---- Record extracts

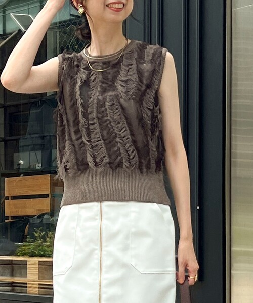 ◇25SS◇ MICO COULIER ◆Point ・秋を先取りしながら涼しく着られる、質感で魅せるシャギーベスト ・いつものコーデにプラスしてワンランクUPコーデが楽しめるアイテム! ・さらっと涼しい強撚糸に、シャギーフリンジの毛足と透け感を活かしたグラデーションデザインが魅力の1枚 ・透け感のある編地で重たく見えず、抜け感のある着こなしに ・同系色でまとめた上品なカラーリングで奥行き感があり、主張しすぎずコーディネートに馴染みます ・裾リブにはきらっとラメを織り込んで、カジュアルすぎない華やかさをプラス ・シンプルなTシャツやシャツに重ねてトレンド感をプラスしたり、ワイドパンツやロングスカートに合わせてラフな大人スタイルに ・肌寒くなったらタートルネックとのレイヤードもおすすめ◎ ・1枚着としても着られ、晩夏から秋冬までロングシーズン楽しめる季節の変わり目にちょうどいいデザインニット ・手洗い可能なイージーケア素材もポイント ---------------------------------------------------------- 透け感:ややあり 裏地:なし 伸縮性:あり 光沢感:なし 洗濯:手洗い可 ---------------------------------------------------------- ●お取扱い上のご注意● 末永くご愛用頂くために、アテンションタグを必ずご確認の上、着用又はお取り扱い下さい。 気になる商品は、お気に入り登録がオススメです! クーポン情報、入荷情報が、通知されるようになります。 ※店頭及び屋外での撮影画像は、光の当たり具合で色味が違って見える場合があります。商品の色味は、スタジオ撮影の画像をご参照下さい。 ※商品画像に関しては出来る限り忠実に表示出来るよう努めておりますが、お客様がご利用のモニターの設定及び特性により、実際の商品と比較し色味に若干の誤差が生じる場合があります。 ※製品洗い加工の商品は、多少の歪み、シワなどが見られたり、風合いやサイズ等が1枚1枚異なります。汗や雨等で濡れた時や、摩擦により色落ちし、他の衣料を汚すことがありますので(特に濃色のもの)ご注意ください。
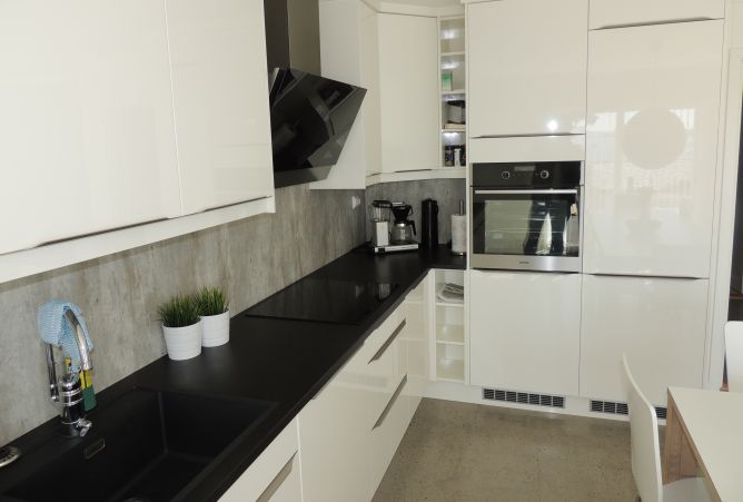 Wohnraum/ Küche 35 m2, Fernseher, DVD-Player und Sound-System.
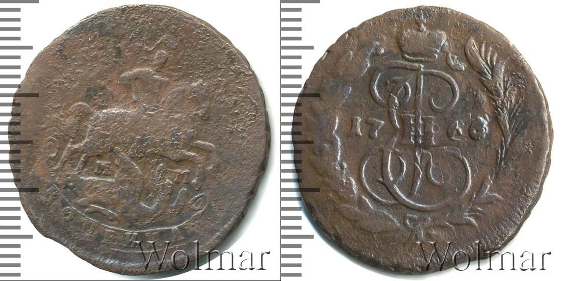 В нижней части диска изображен венок из лавровой и пальмовой ветвей (перевязанных лентой). В центре вензель императрицы Екатерины Великой, разделяющий надпись «1766». Это отметка о дате эмиссии партии.
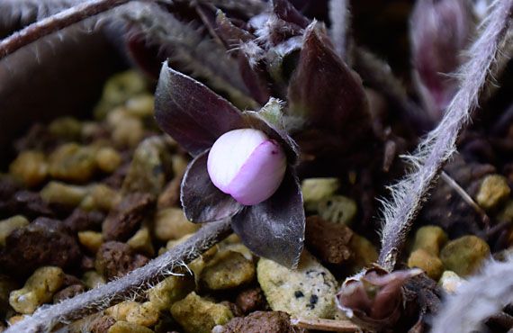 雪割草の3番手もここまで大きくツボミを膨らませてきました。先日は2番手がフリーズ状態に陥った旨紹介しましたが、こちらは日々目に見えるほどではありませんが、動きが感じられます。もしかすると開花はこちらが先になるかもしれません。とは言っても、その時期は2月に入ってからになりそうです。 この品種、画像の通り葉っぱや萼弁の他に、花柄や葉柄まで緑が一切見られません。別に葉焼けしてこうなった訳ではなく、春の新芽の頃からこんな状態です。芽出しの頃、こんな色で顔を出す品種もありますが、大抵は日差しを浴びている内に次第に緑に変化します。ところがこの品は各部の寿命の期間全体をこんな色で通してしまう変わり者です。 昨年夏のうちに、雪割草のかなりの点数が枯死したことはこの場でも紹介しました。生き残ったものの内、この春花を付けそうなのは4~5点に留まりそうです。この状態では、早春の花見が寂しすぎるので、今年も新潟市の展示即売会に出掛ける必要がありそうです。と言っても、3月上旬の北陸平野部に雪が残っていなければ・・・の話ですが ....
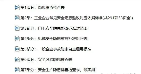 【自助下载】隐患对应依据,这才是最全版本!专业!强烈建议收藏!★ 资料包整体截图展示 ★▲篇幅限制, 非全文展示。☆本资料一键获取方式☆【知识星球】限时特惠!仅需60元/年(低至5元/月),即刻享受海量安全资料一键下载。点击下方名片获取更多兄弟号资料【免费资料】推荐下载清单【自助下载】2026开年第一件事:落实安全责任制,签订安全责任书!送安全生产责任制资料大全!【自助下载】2026年安全工作计划汇编(目标分解、检查、培训、演练、安全投入计划等)!【自助下载】官方发布《危险化学品企业安全管理和政府安全监管工作手册》,374页可下载!【自助下载】变配电室安全检查指引图片示范!【自助下载】JHA和JSA的割裂人生!附JHA工作危害(作业安全)分析资料汇编!【自助下载】官方发布《应急处置安全指导手册》,可下载【自助下载】官方发布《消防检查指导手册》!【自助下载】高危、动火、有限空间、高处及其他危险作业安全监护、监督过程分析!【自助下载】安全标识资料大全,附高清大尺寸安全标识汇编,直接下载直接用!【自助下载】官方发布《建筑施工安全管理实用手册》,432页可下载!【自助下载】电气仪表专业安全风险隐患排查方式及隐患排查重点!【自助下载】行为安全观察与沟通(BBS)资料汇编!【自助下载】员工各类急救手册汇编!【自助下载】安全生产十大禁令、十大定律、十大理念、十大事故合集!【自助下载】危险化学品企业关键设施安全风险辨识管控指导手册!【自助下载】知名标杆国企发布EHS文集&问答汇编,涵盖技术、管理、培训、案例,安全人的百科全书!▼更多精品资料下载点击“阅读原文”
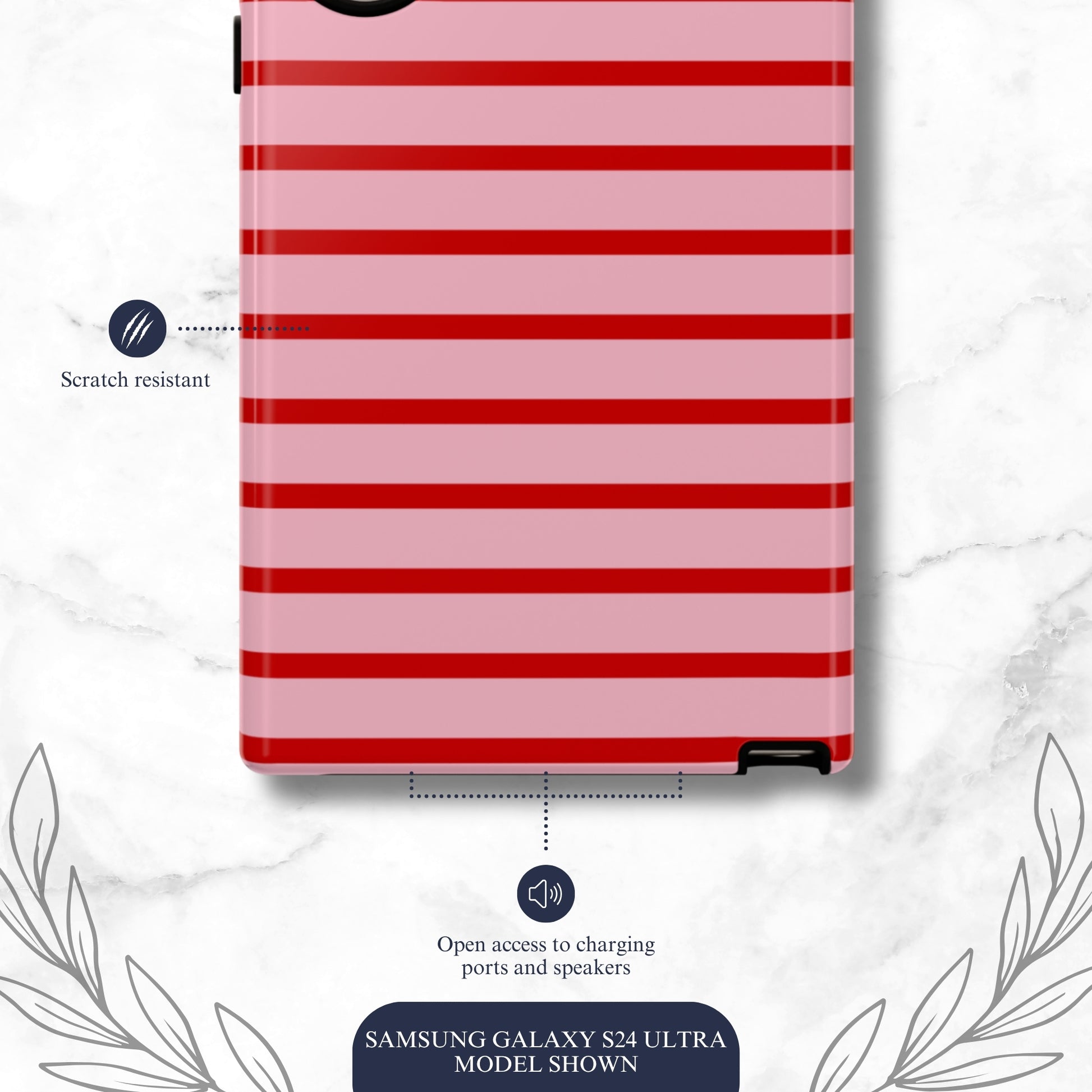 This pink and red striped phone case is bold, sweet, and just the right amount of dramatic - like wearing red lipstick to the grocery store just because. It offers great protection while keeping your phone looking fashionable and eye catching. Printed in the USA, it comes with free shipping and a 1 year warranty for your peace of mind. (PHONE NOT INCLUDED)
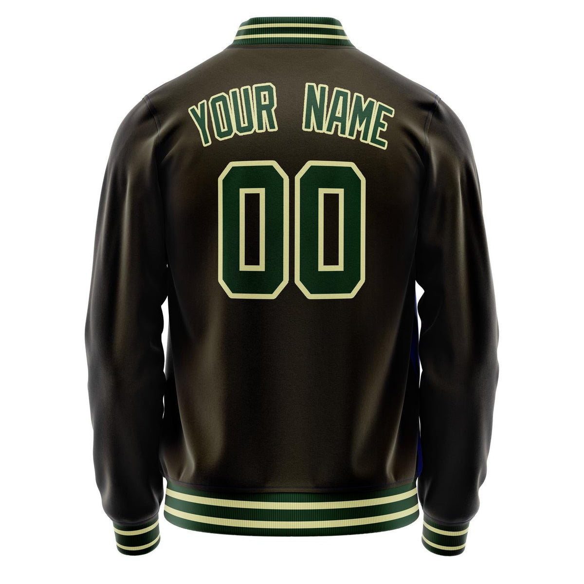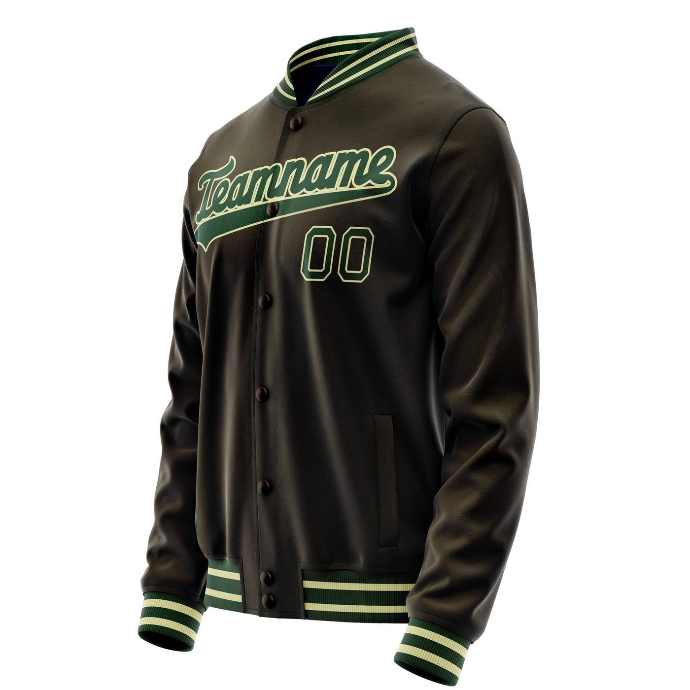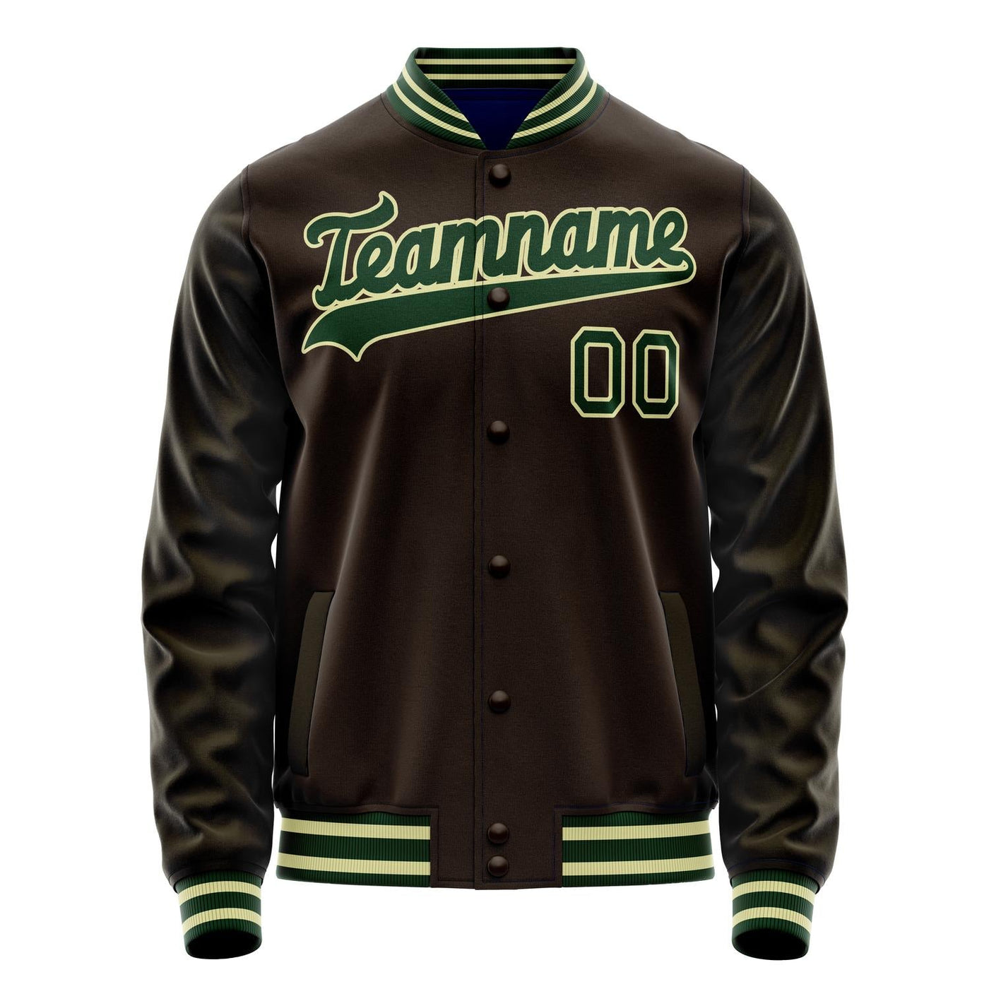 Custom Brown Kelly-Green Solid Color Varsity Letterman Jacket
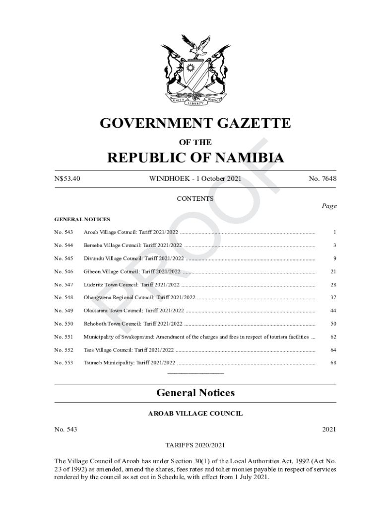 GOVERNMENT GAZETTE OF REPUBLIC OF NAMIBIA N$53.40WINDHOEK 1 October 2021CONTENTSNo. 7648PageGENERAL NOTICES No. 543Aroab Village Council: Tariff 2021/2022 ...............................................................................................1No.
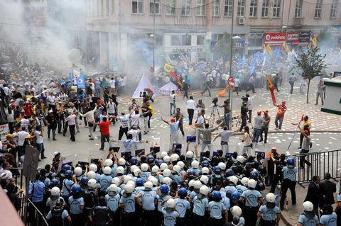 Çıkan arbedede biber gazı kullanan polis, müdahale ettiği grubu dağıttı. Gruptan bazı kişiler bina önüne pet şişe ve çeşitli malzemeler fırlattı.
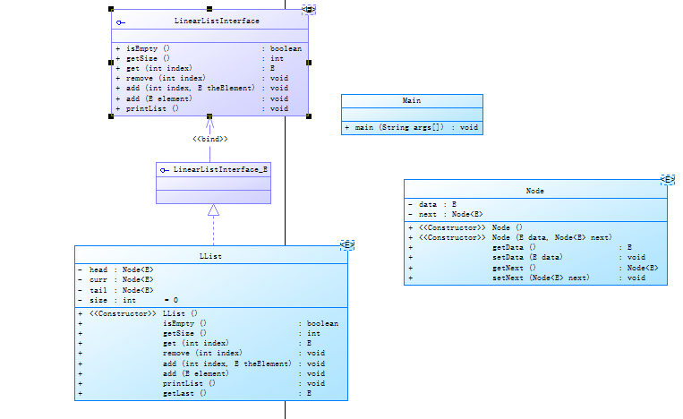package 单链表; public interface LinearListInterface<E> { public boolean isEmpty(); //链表是否为空 public int getSize(); //链表的长度 public E get(int index); //链表中index位置的数 public void remove(int index); //删除index位置的数 public void add(int index, E theElement); //将index位置的数改为theElement public void add(E element); //添加element public void printList(); //输出链表 }
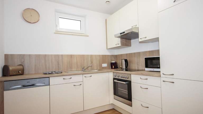 Die Wohnung umfasst ein Schlafzimmer, ein Wohnzimmer mit einem TV mit Satellitenkanälen, eine voll ausgestattete Küche mit Kühlschrank und Geschirrspüler sowie ein Badezimmer mit Dusche.
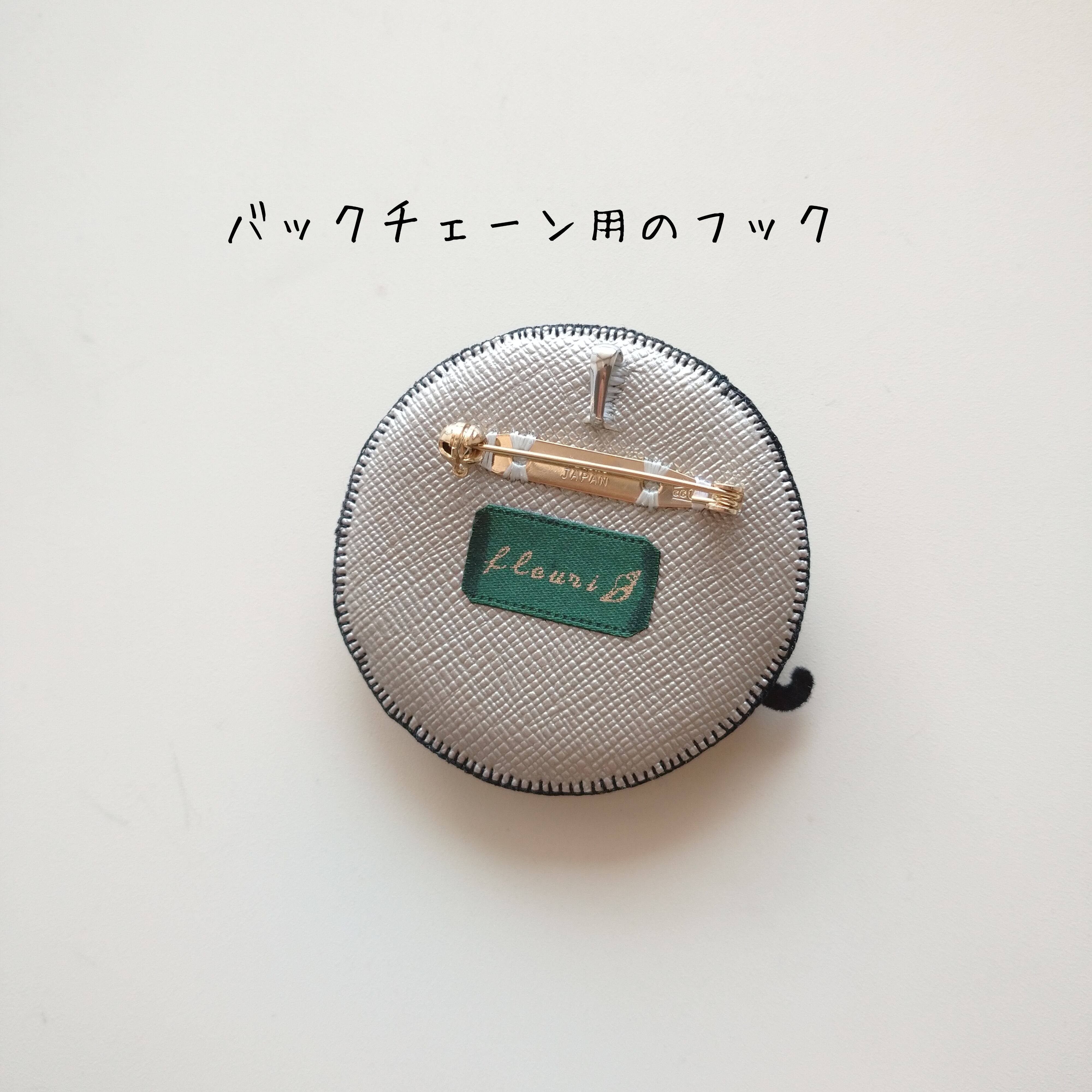 バッグチェーン用のフックつき。お手持ちのバッグチェーンをつけられます。
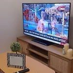 Deze accommodatie heeft een balkon, een terras en een zitruimte, evenals uitzicht over de berg en is ingericht met een bank. Om het verblijf van gasten in dit appartement nog aangenamer te maken, zijn er op de kamer mediadiensten zoals een flatscreen TV met satellietzenders, naast een strijkijzer en strijkplank, airconditioning. Deze accommodatie heeft een apart toilet en een douche voor uw comfort. Je vindt er ook een haardroger, toiletartikelen voor gasten en handdoeken.
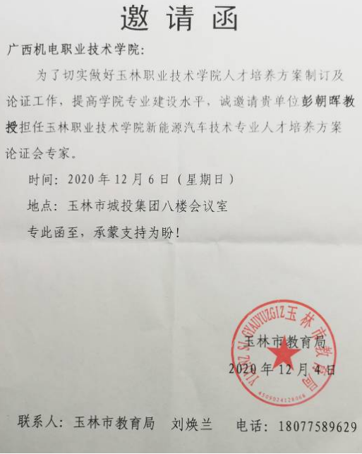 年成果负责人受玉林市教育局邀请,对筹建的玉林职业技术学院新增专业

--------

Reproduce each entry precisely. Leave the pictures out.

• **Exercise response**
 ◇25SS◇ MICO COULIER ◆Point ・秋を先取りしながら涼しく着られる、質感で魅せるシャギーベスト ・いつものコーデにプラスしてワンランクUPコーデが楽しめるアイテム! ・さらっと涼しい強撚糸に、シャギーフリンジの毛足と透け感を活かしたグラデーションデザインが魅力の1枚 ・透け感のある編地で重たく見えず、抜け感のある着こなしに ・同系色でまとめた上品なカラーリングで奥行き感があり、主張しすぎずコーディネートに馴染みます ・裾リブにはきらっとラメを織り込んで、カジュアルすぎない華やかさをプラス ・シンプルなTシャツやシャツに重ねてトレンド感をプラスしたり、ワイドパンツやロングスカートに合わせてラフな大人スタイルに ・肌寒くなったらタートルネックとのレイヤードもおすすめ◎ ・1枚着としても着られ、晩夏から秋冬までロングシーズン楽しめる季節の変わり目にちょうどいいデザインニット ・手洗い可能なイージーケア素材もポイント ---------------------------------------------------------- 透け感:ややあり 裏地:なし 伸縮性:あり 光沢感:なし 洗濯:手洗い可 ---------------------------------------------------------- ●お取扱い上のご注意● 末永くご愛用頂くために、アテンションタグを必ずご確認の上、着用又はお取り扱い下さい。 気になる商品は、お気に入り登録がオススメです! クーポン情報、入荷情報が、通知されるようになります。 ※店頭及び屋外での撮影画像は、光の当たり具合で色味が違って見える場合があります。商品の色味は、スタジオ撮影の画像をご参照下さい。 ※商品画像に関しては出来る限り忠実に表示出来るよう努めておりますが、お客様がご利用のモニターの設定及び特性により、実際の商品と比較し色味に若干の誤差が生じる場合があります。 ※製品洗い加工の商品は、多少の歪み、シワなどが見られたり、風合いやサイズ等が1枚1枚異なります。汗や雨等で濡れた時や、摩擦により色落ちし、他の衣料を汚すことがありますので(特に濃色のもの)ご注意ください。
 Wohnraum/ Küche 35 m2, Fernseher, DVD-Player und Sound-System.
 В нижней части диска изображен венок из лавровой и пальмовой ветвей (перевязанных лентой). В центре вензель императрицы Екатерины Великой, разделяющий надпись «1766». Это отметка о дате эмиссии партии.
 雪割草の3番手もここまで大きくツボミを膨らませてきました。先日は2番手がフリーズ状態に陥った旨紹介しましたが、こちらは日々目に見えるほどではありませんが、動きが感じられます。もしかすると開花はこちらが先になるかもしれません。とは言っても、その時期は2月に入ってからになりそうです。 この品種、画像の通り葉っぱや萼弁の他に、花柄や葉柄まで緑が一切見られません。別に葉焼けしてこうなった訳ではなく、春の新芽の頃からこんな状態です。芽出しの頃、こんな色で顔を出す品種もありますが、大抵は日差しを浴びている内に次第に緑に変化します。ところがこの品は各部の寿命の期間全体をこんな色で通してしまう変わり者です。 昨年夏のうちに、雪割草のかなりの点数が枯死したことはこの場でも紹介しました。生き残ったものの内、この春花を付けそうなのは4~5点に留まりそうです。この状態では、早春の花見が寂しすぎるので、今年も新潟市の展示即売会に出掛ける必要がありそうです。と言っても、3月上旬の北陸平野部に雪が残っていなければ・・・の話ですが ....
 【自助下载】隐患对应依据,这才是最全版本!专业!强烈建议收藏!★ 资料包整体截图展示 ★▲篇幅限制, 非全文展示。☆本资料一键获取方式☆【知识星球】限时特惠!仅需60元/年(低至5元/月),即刻享受海量安全资料一键下载。点击下方名片获取更多兄弟号资料【免费资料】推荐下载清单【自助下载】2026开年第一件事:落实安全责任制,签订安全责任书!送安全生产责任制资料大全!【自助下载】2026年安全工作计划汇编(目标分解、检查、培训、演练、安全投入计划等)!【自助下载】官方发布《危险化学品企业安全管理和政府安全监管工作手册》,374页可下载!【自助下载】变配电室安全检查指引图片示范!【自助下载】JHA和JSA的割裂人生!附JHA工作危害(作业安全)分析资料汇编!【自助下载】官方发布《应急处置安全指导手册》,可下载【自助下载】官方发布《消防检查指导手册》!【自助下载】高危、动火、有限空间、高处及其他危险作业安全监护、监督过程分析!【自助下载】安全标识资料大全,附高清大尺寸安全标识汇编,直接下载直接用!【自助下载】官方发布《建筑施工安全管理实用手册》,432页可下载!【自助下载】电气仪表专业安全风险隐患排查方式及隐患排查重点!【自助下载】行为安全观察与沟通(BBS)资料汇编!【自助下载】员工各类急救手册汇编!【自助下载】安全生产十大禁令、十大定律、十大理念、十大事故合集!【自助下载】危险化学品企业关键设施安全风险辨识管控指导手册!【自助下载】知名标杆国企发布EHS文集&问答汇编,涵盖技术、管理、培训、案例,安全人的百科全书!▼更多精品资料下载点击“阅读原文”
 This pink and red striped phone case is bold, sweet, and just the right amount of dramatic - like wearing red lipstick to the grocery store just because. It offers great protection while keeping your phone looking fashionable and eye catching. Printed in the USA, it comes with free shipping and a 1 year warranty for your peace of mind. (PHONE NOT INCLUDED)
 Custom Brown Kelly-Green Solid Color Varsity Letterman Jacket
 GOVERNMENT GAZETTE OF REPUBLIC OF NAMIBIA N$53.40WINDHOEK 1 October 2021CONTENTSNo. 7648PageGENERAL NOTICES No. 543Aroab Village Council: Tariff 2021/2022 ...............................................................................................1No.
 Çıkan arbedede biber gazı kullanan polis, müdahale ettiği grubu dağıttı. Gruptan bazı kişiler bina önüne pet şişe ve çeşitli malzemeler fırlattı.
package 单链表; public interface LinearListInterface<E> { public boolean isEmpty(); //链表是否为空 public int getSize(); //链表的长度 public E get(int index); //链表中index位置的数 public void remove(int index); //删除index位置的数 public void add(int index, E theElement); //将index位置的数改为theElement public void add(E element); //添加element public void printList(); //输出链表 }
 Die Wohnung umfasst ein Schlafzimmer, ein Wohnzimmer mit einem TV mit Satellitenkanälen, eine voll ausgestattete Küche mit Kühlschrank und Geschirrspüler sowie ein Badezimmer mit Dusche.
 バッグチェーン用のフックつき。お手持ちのバッグチェーンをつけられます。
 Deze accommodatie heeft een balkon, een terras en een zitruimte, evenals uitzicht over de berg en is ingericht met een bank. Om het verblijf van gasten in dit appartement nog aangenamer te maken, zijn er op de kamer mediadiensten zoals een flatscreen TV met satellietzenders, naast een strijkijzer en strijkplank, airconditioning. Deze accommodatie heeft een apart toilet en een douche voor uw comfort. Je vindt er ook een haardroger, toiletartikelen voor gasten en handdoeken.
 年成果负责人受玉林市教育局邀请,对筹建的玉林职业技术学院新增专业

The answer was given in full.